Records from a collection
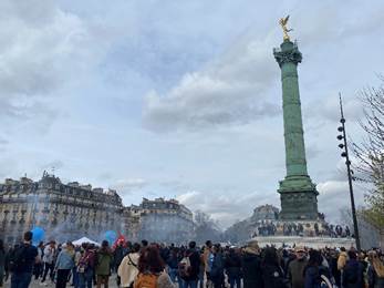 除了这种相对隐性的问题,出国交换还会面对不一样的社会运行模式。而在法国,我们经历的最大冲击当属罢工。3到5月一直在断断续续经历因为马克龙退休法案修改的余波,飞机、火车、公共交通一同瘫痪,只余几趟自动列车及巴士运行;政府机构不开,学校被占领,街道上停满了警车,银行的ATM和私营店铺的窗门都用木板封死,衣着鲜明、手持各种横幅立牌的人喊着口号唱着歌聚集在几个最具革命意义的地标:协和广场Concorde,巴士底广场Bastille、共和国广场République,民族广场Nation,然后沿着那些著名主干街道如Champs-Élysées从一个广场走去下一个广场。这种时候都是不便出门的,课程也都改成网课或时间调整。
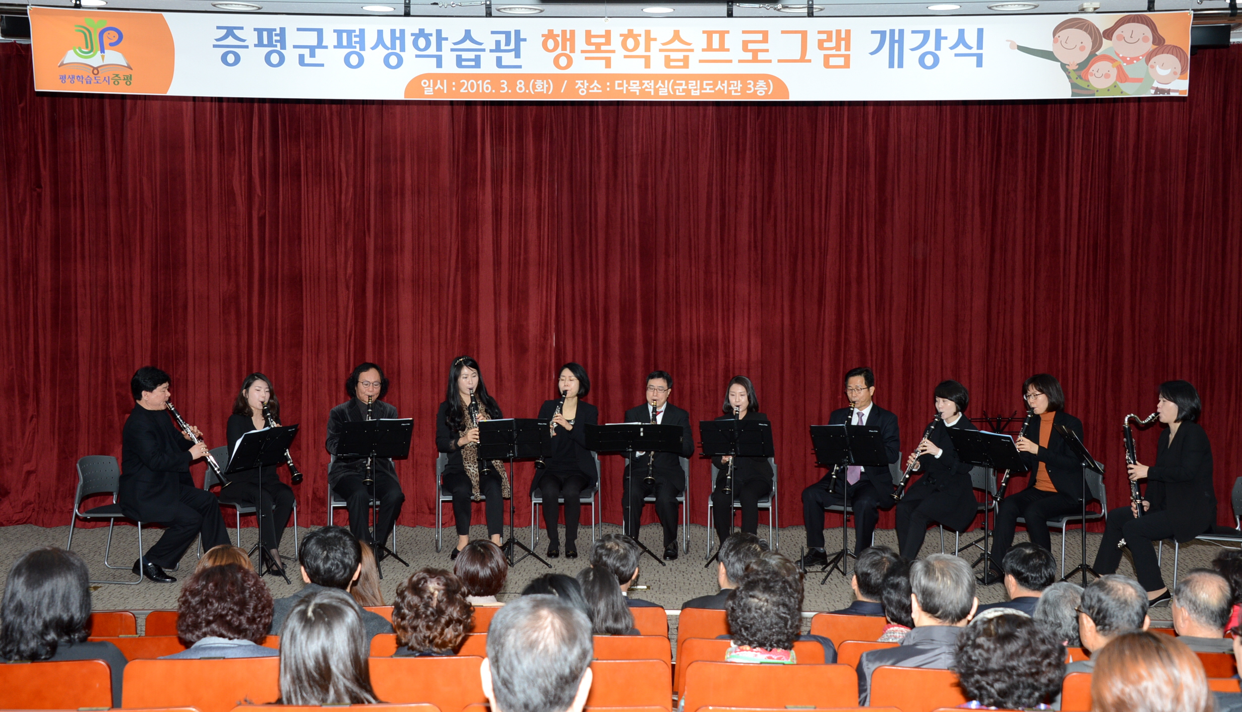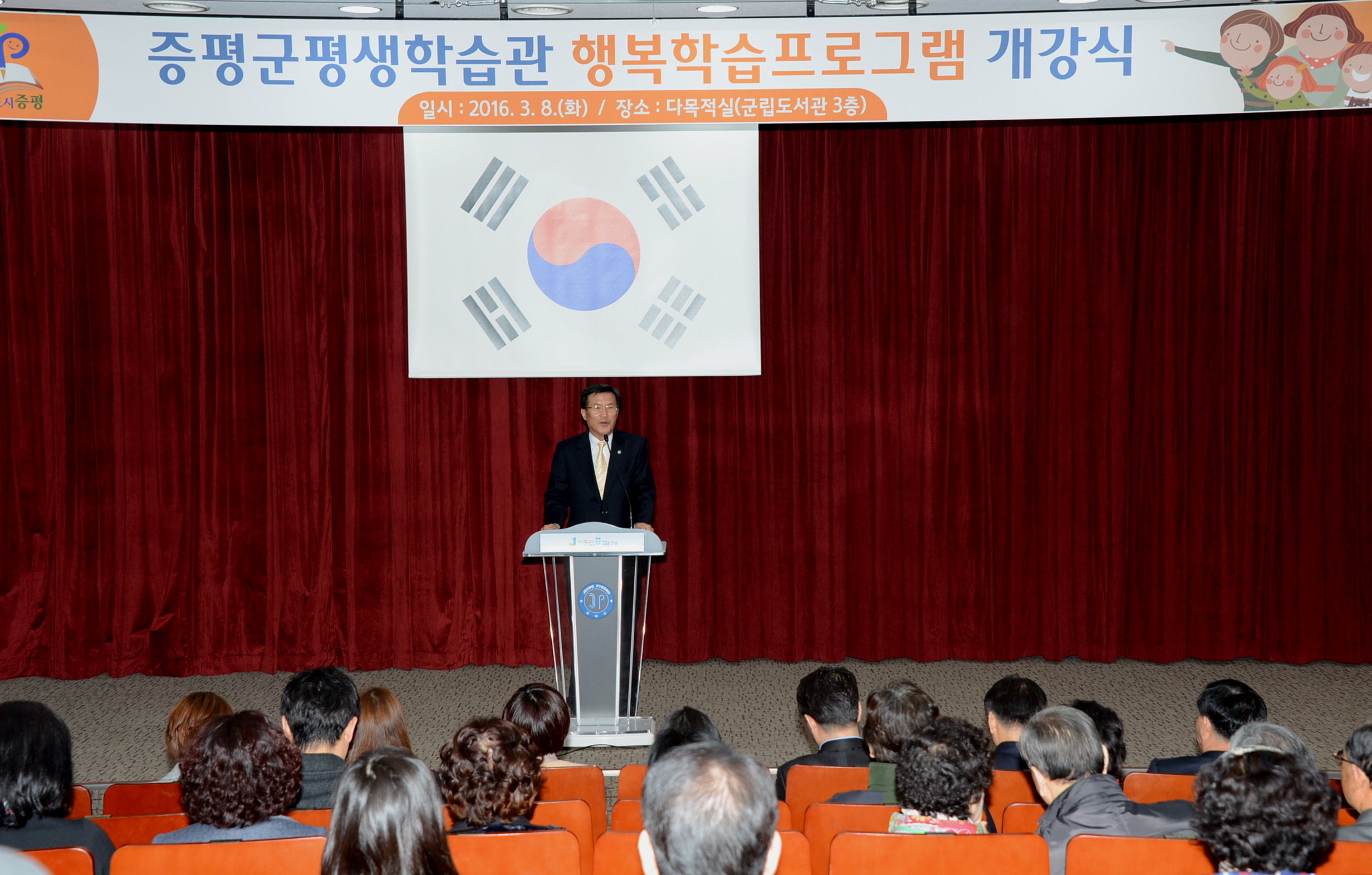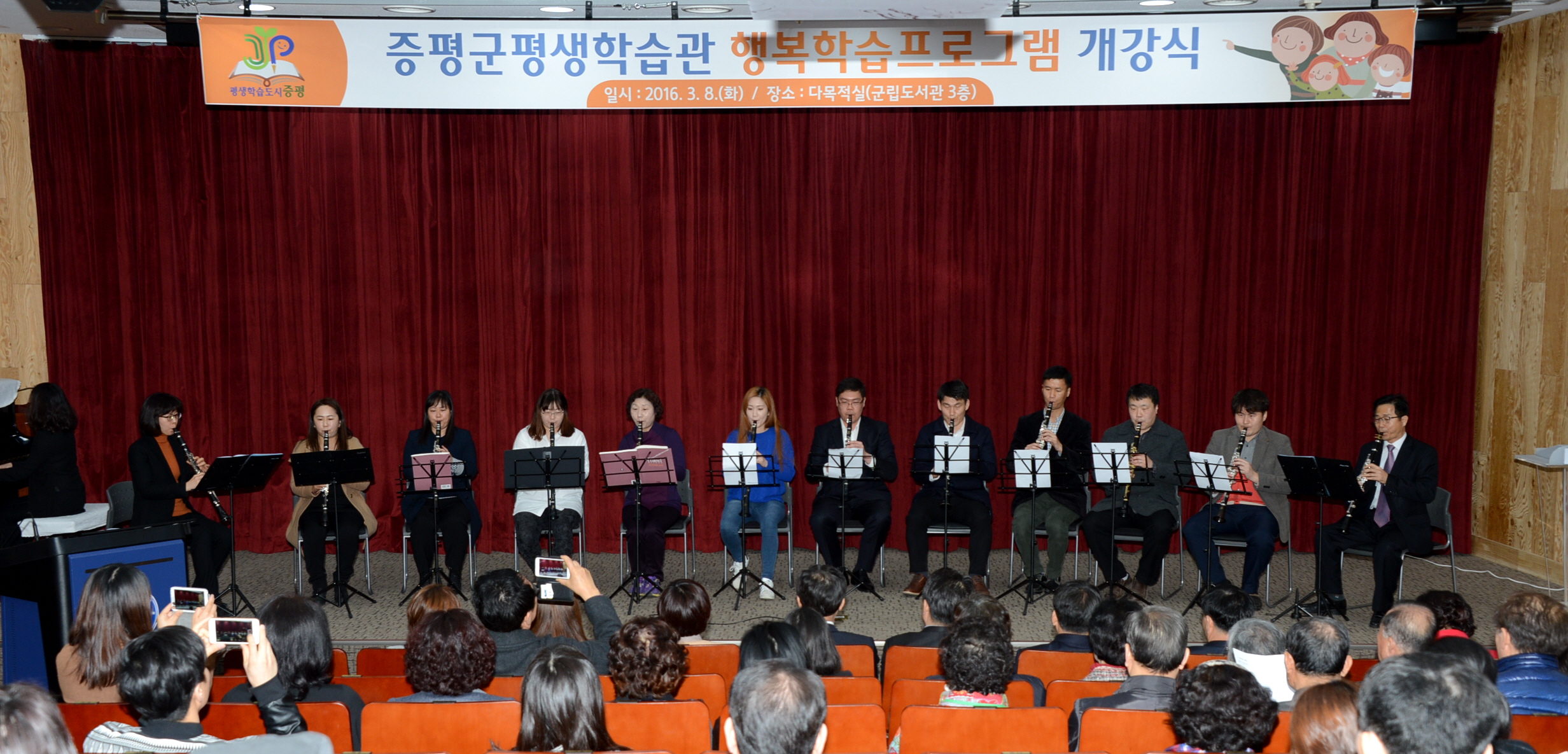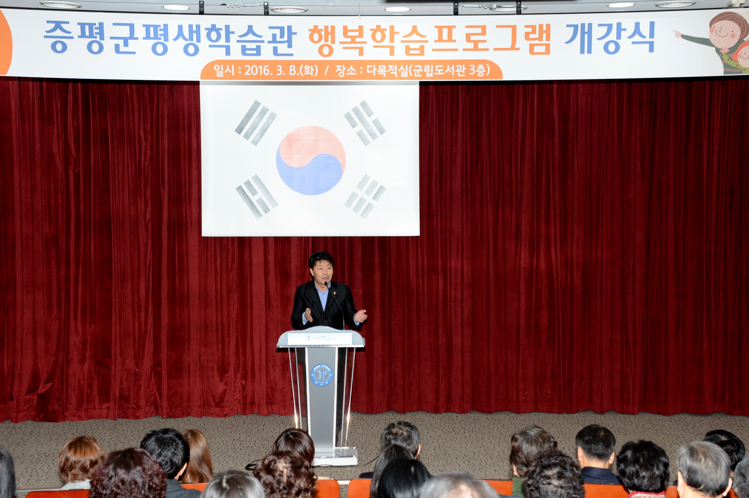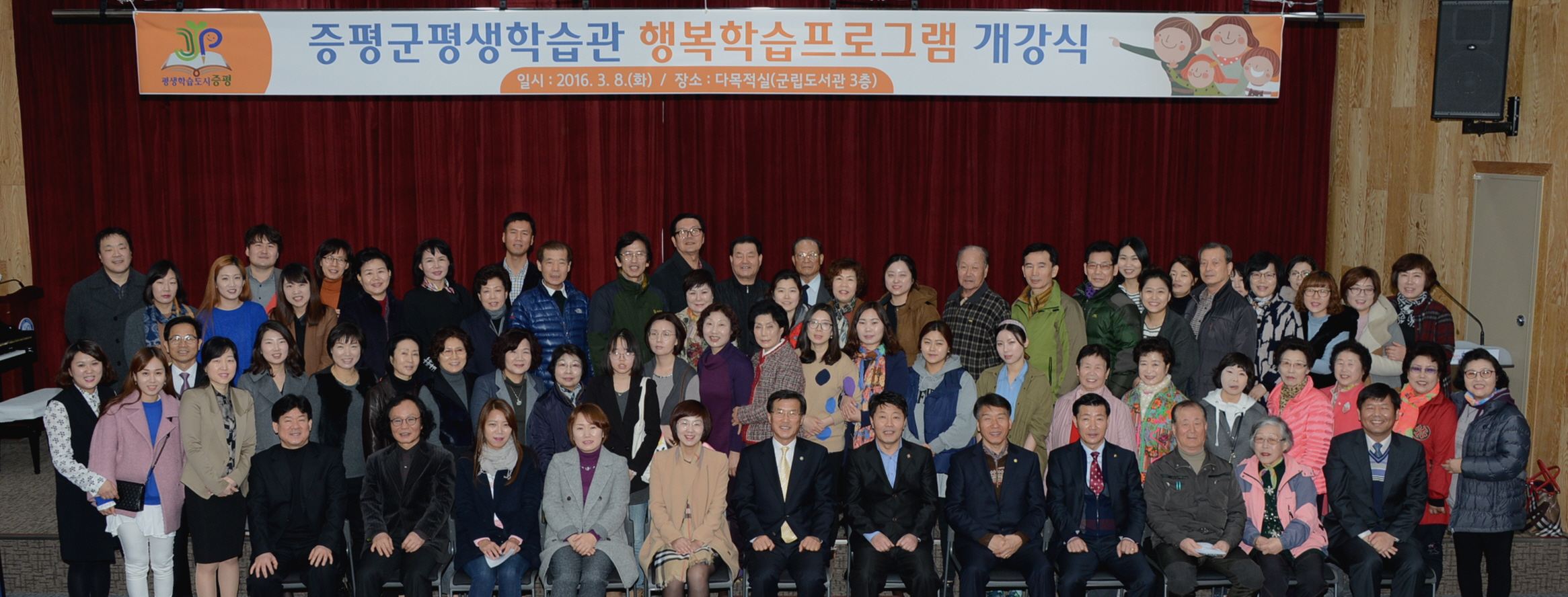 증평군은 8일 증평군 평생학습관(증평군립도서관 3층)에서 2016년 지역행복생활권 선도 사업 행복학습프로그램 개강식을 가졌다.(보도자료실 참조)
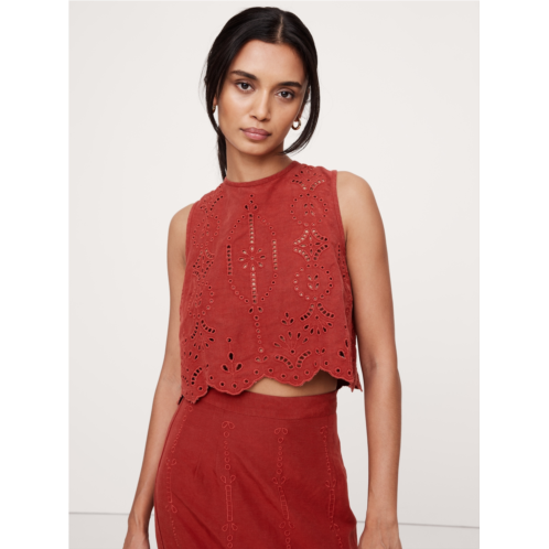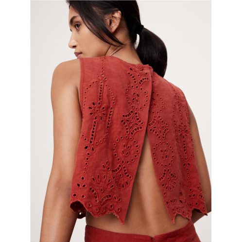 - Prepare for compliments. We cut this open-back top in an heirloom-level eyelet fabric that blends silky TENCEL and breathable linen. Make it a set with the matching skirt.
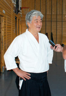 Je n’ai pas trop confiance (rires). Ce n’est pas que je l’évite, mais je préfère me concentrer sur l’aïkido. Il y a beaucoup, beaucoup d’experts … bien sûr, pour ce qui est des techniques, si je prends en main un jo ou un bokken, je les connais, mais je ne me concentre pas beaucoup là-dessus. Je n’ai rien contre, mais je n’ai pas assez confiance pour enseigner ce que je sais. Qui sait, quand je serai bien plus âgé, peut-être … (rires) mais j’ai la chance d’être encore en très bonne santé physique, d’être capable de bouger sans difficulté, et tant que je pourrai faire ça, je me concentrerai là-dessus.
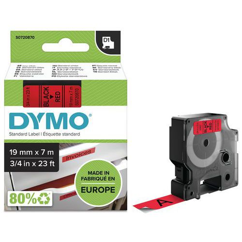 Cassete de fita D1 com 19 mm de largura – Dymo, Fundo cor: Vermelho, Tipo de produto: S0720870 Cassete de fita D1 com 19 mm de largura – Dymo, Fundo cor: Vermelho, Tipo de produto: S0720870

# [To do]
Could you set down the data exactly as given, minus its pictures?

# [Solution for this problem]
 除了这种相对隐性的问题,出国交换还会面对不一样的社会运行模式。而在法国,我们经历的最大冲击当属罢工。3到5月一直在断断续续经历因为马克龙退休法案修改的余波,飞机、火车、公共交通一同瘫痪,只余几趟自动列车及巴士运行;政府机构不开,学校被占领,街道上停满了警车,银行的ATM和私营店铺的窗门都用木板封死,衣着鲜明、手持各种横幅立牌的人喊着口号唱着歌聚集在几个最具革命意义的地标:协和广场Concorde,巴士底广场Bastille、共和国广场République,民族广场Nation,然后沿着那些著名主干街道如Champs-Élysées从一个广场走去下一个广场。这种时候都是不便出门的,课程也都改成网课或时间调整。
 증평군은 8일 증평군 평생학습관(증평군립도서관 3층)에서 2016년 지역행복생활권 선도 사업 행복학습프로그램 개강식을 가졌다.(보도자료실 참조)
 - Prepare for compliments. We cut this open-back top in an heirloom-level eyelet fabric that blends silky TENCEL and breathable linen. Make it a set with the matching skirt.
 Je n’ai pas trop confiance (rires). Ce n’est pas que je l’évite, mais je préfère me concentrer sur l’aïkido. Il y a beaucoup, beaucoup d’experts … bien sûr, pour ce qui est des techniques, si je prends en main un jo ou un bokken, je les connais, mais je ne me concentre pas beaucoup là-dessus. Je n’ai rien contre, mais je n’ai pas assez confiance pour enseigner ce que je sais. Qui sait, quand je serai bien plus âgé, peut-être … (rires) mais j’ai la chance d’être encore en très bonne santé physique, d’être capable de bouger sans difficulté, et tant que je pourrai faire ça, je me concentrerai là-dessus.
 Cassete de fita D1 com 19 mm de largura – Dymo, Fundo cor: Vermelho, Tipo de produto: S0720870 Cassete de fita D1 com 19 mm de largura – Dymo, Fundo cor: Vermelho, Tipo de produto: S0720870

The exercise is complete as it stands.